K8: Because of the others’ interaction, you know? There’s interaction between the students and
the teacher.
I: What kind of interaction?
K8: Um, answering. Like, what basically happens if A asks a question...... we’ll be asked to
answer.
So, directly, we may not be answering, but we use the voting system.
I: You’ve got that contact to give a response back.
K8: Exactly.
I: So, that doesn’t happen in other lectures?
K8: No, it doesn’t. Very few. It’s only when a person raises an arm and asks a question is there
interaction between the student and the teacher.
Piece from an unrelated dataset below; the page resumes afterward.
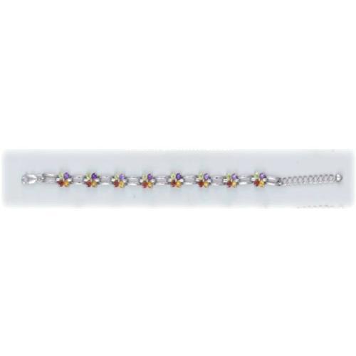Solid Sterling Silver sets this Floral inspired, Tennis Bracelet. Set with following Genuine gemstones: Amethyst, Peridot, Garnet and Citrine. Sparkling and colorful! Exquisite!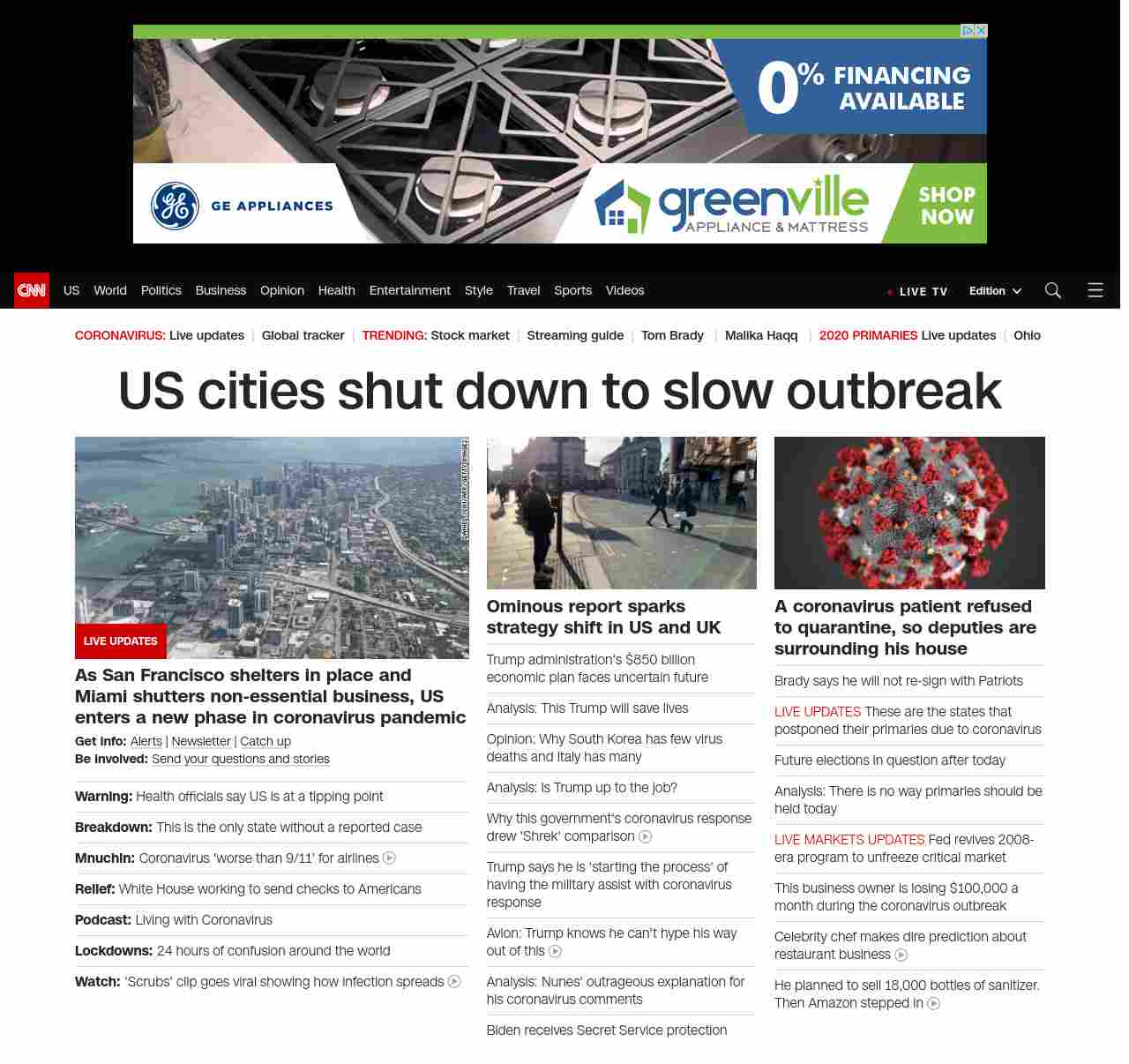 || banner-text–maximized banner-text-size–char-38″> US cities shut down to slow outbreak ||” , title: “CNN – Breaking News, Latest News and Videos” , siblings: {“articleList”:[{“uri”:”/world/live-news/coronavirus-outbreak-03-17-20-intl-hnk/index.html”,”headline”:”u003cstrong>As San Francisco shelters in place and Miami shutters non-essential business, US enters a new phase in coronavirus pandemicu003c/strong>”,”thumbnail”:”//cdn.cnn.com/cnnnext/dam/assets/200317153144-01-san-francisco-lockdown-0316-restricted-small-11.jpg”,”duration”:””,”description”:”u003cstrong>Get info: u003c/strong>u003ca href=”https://www.cnn.com/specials/mobile-apps” target=”_blank”>Alertsu003c/a> | u003ca href=”https://www.cnn.com/specials/coronavirus-newsletter?utm_source=hp&source=hp” target=”_blank”>Newsletteru003c/a> | u003ca href=”https://www.cnn.com/2020/03/17/world/newsletter-coronavirus-03-17-20-intl/index.html” target=”_blank”>Catch upu003c/a>u003cbr />u003cstrong>Be involved: u003c/strong>u003ca href=”https://www.cnn.com/2020/03/11/us/coronavirus-testing-stories-invs/index.html” target=”_blank”>Send your questions and storiesu003c/a>”,”layout”:””

K5 had also written on the pre-interview questionnaire, that one of the ways that EVS
had ‘helped’ was that it provided an avenue for ‘more interaction with the lecturer’. More
evidence for surface interactivity is not presented here because research evidence (e.g., Simpson
& Oliver, 2007) clearly indicates that this is the most common form of interactivity enabled by
the use of EVS.

Peer Interactivity

This is the interaction between students. Class observations show that this interaction
occurs when students compare their answers with their neighbours after voting, talk through a
problem with a classmate before voting, or in a limited sense, on the few occasions when the
instructor asks the students to discuss their answers with their neighbours.
The instructor would often encourage students to talk to their peers in order to challenge
one another about the rationale for the answer choices selected in response to an EVS question.
However, the instructor would typically only instigate this kind of discussion when the class
response indicated a lack of consensus e.g. a question in which only 50% of the class got it
right, as K9 describes in the excerpt below. It should be noted that in this particular class,
students often sat with their friends, and so peer interactivity in this context is contingent on
existing group dynamics. Students were more likely to chat with their friends knowing that
they would not be ridiculed or embarrassed if their knowledge of the mathematical topic under
discussion was below par:

K9: Whereas if it’s more sort of 50/50, then occasionally I’ll say ‘ok, who voted for this, who
voted for this and then talk amongst yourselves...... to sort of try and convince the other person
why it’s that one’. And then we’ll go over it so you know roughly why, even if the answer was
wrong from your part, then you’ll know why the other person thought that answer was right
or... So it’s quite, it’s quite good talking about it every now and then, ‘cause even if the answer’s
wrong, you know why someone would have voted for that.
…….I found it, mm, quite helpful because normally I sit with my friends, so even if my answer’s
wrong, it didn’t really matter.
….Um, I don’t think it would work so well if, you know, you’re split into groups or anything,
because I don’t, I know other people in my class, in my group are cleverer than me, so it’s not
always nice knowing that they’re always right and you’re always wrong.
But when you, when it’s with your friends, it, it’s quite nice to think ‘oh well, they voted for that
one for a reason’...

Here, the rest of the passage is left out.